La pharmacodynamique examine comment les psychotropes interagissent avec leurs cibles biologiques, notamment :
La liaison aux récepteurs et les effets de cette liaison
Les interactions chimiques entre le médicament et les molécules biologiques
Les réponses physiologiques induites par ces interactions
Ces mécanismes peuvent inclure l’agonisme (stimulation d’un récepteur) ou l’antagonisme (blocage d’un récepteur), qui peuvent être partiels ou totaux. De plus, l’action d’un psychotrope peut être influencée par divers facteurs regroupés en trois catégories :
Facteurs liés à la personne : état physiologique (âge, sexe, grossesse) et pathologique (insuffisance rénale ou hépatique)
Facteurs génétiques : variations individuelles dans la réponse aux produits consommés, fonctionnement de certaines enzymes
Facteurs environnementaux
Ces facteurs expliquent pourquoi un même produit peut avoir des effets variables chez différents individus, même à concentration plasmatique identique.

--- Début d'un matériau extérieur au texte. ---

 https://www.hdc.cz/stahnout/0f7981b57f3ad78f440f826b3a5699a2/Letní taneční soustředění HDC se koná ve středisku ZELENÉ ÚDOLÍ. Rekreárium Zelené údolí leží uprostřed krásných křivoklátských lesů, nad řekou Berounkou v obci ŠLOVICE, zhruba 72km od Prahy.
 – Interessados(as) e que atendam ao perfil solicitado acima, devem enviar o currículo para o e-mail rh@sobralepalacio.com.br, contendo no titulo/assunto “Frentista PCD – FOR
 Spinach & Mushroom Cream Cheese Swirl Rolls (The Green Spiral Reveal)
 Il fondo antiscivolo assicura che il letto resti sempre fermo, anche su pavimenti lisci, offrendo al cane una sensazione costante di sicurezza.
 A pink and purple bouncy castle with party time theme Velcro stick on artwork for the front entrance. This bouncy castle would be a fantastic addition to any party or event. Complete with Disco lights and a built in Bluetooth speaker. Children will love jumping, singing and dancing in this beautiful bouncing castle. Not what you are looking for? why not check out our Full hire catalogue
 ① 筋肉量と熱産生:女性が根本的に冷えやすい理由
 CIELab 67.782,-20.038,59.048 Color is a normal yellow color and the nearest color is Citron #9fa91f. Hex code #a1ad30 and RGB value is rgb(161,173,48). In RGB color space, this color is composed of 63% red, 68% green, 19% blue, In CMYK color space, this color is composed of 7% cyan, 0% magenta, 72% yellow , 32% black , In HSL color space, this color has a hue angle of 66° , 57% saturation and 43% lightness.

On l’a vu avant, pharmaco c’est pour parler du psychotrope, et cinétique vient du mot grec signifiant « mouvement », kinêtikos. La pharmacocinétique est donc l’étude du mouvement des psychotropes dans le corps. La pharmacocinétique s’articule autour de quatre processus fondamentaux, qu’on peut regrouper sous l’acronyme ADME :
L’absorption concerne le passage du principe actif depuis son site d’administration jusqu’à la circulation sanguine. Ce processus varie considérablement selon la voie d’administration. Par exemple, l’administration intraveineuse contourne l’étape d’absorption puisque le médicament est directement introduit dans le sang, tandis que l’absorption orale se produit principalement au niveau de l’intestin grêle. Différents facteurs influencent cette étape, notamment le pH, qui affecte le degré d’ionisation des molécules et donc leur capacité à traverser les membranes biologiques.

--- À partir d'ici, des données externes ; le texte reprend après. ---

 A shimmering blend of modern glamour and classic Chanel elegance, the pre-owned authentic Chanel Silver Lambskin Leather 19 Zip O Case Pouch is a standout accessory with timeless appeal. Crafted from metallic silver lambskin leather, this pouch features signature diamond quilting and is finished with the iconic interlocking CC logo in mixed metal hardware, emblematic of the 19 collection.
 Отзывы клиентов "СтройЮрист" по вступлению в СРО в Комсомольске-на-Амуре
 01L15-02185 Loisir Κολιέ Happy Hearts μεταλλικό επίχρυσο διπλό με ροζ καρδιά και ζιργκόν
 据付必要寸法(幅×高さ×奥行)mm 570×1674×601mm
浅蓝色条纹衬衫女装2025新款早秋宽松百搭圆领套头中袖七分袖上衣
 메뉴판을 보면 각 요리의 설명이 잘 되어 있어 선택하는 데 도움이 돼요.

Une fois dans la circulation sanguine, le médicament se répartit dans les différents tissus et compartiments de l’organisme. Cette distribution est caractérisée par le volume de distribution, qui représente le rapport entre la quantité de médicament dans l’organisme et sa concentration plasmatique. La liaison aux protéines plasmatiques est également un facteur crucial, car seule la fraction libre (non liée) du médicament peut exercer son effet pharmacologique et être métabolisée ou excrétée.
Le métabolisme, ou biotransformation, implique la modification chimique du médicament, généralement par des enzymes hépatiques. Ce processus transforme souvent les molécules lipophiles en composés plus hydrophiles, facilitant ainsi leur élimination. Le métabolisme comporte deux phases principales : la transformation (phase I) et la conjugaison (phase II).
L’excrétion représente l’élimination finale du médicament et de ses métabolites de l’organisme. Bien que plusieurs voies d’élimination existent (biliaire, pulmonaire), la principale est la voie rénale, avec élimination dans les urines via les néphrons. L’efficacité de l’élimination est mesurée par la clairance, qui est indépendante de la distribution mais influencée par le débit sanguin dans les organes d’élimination.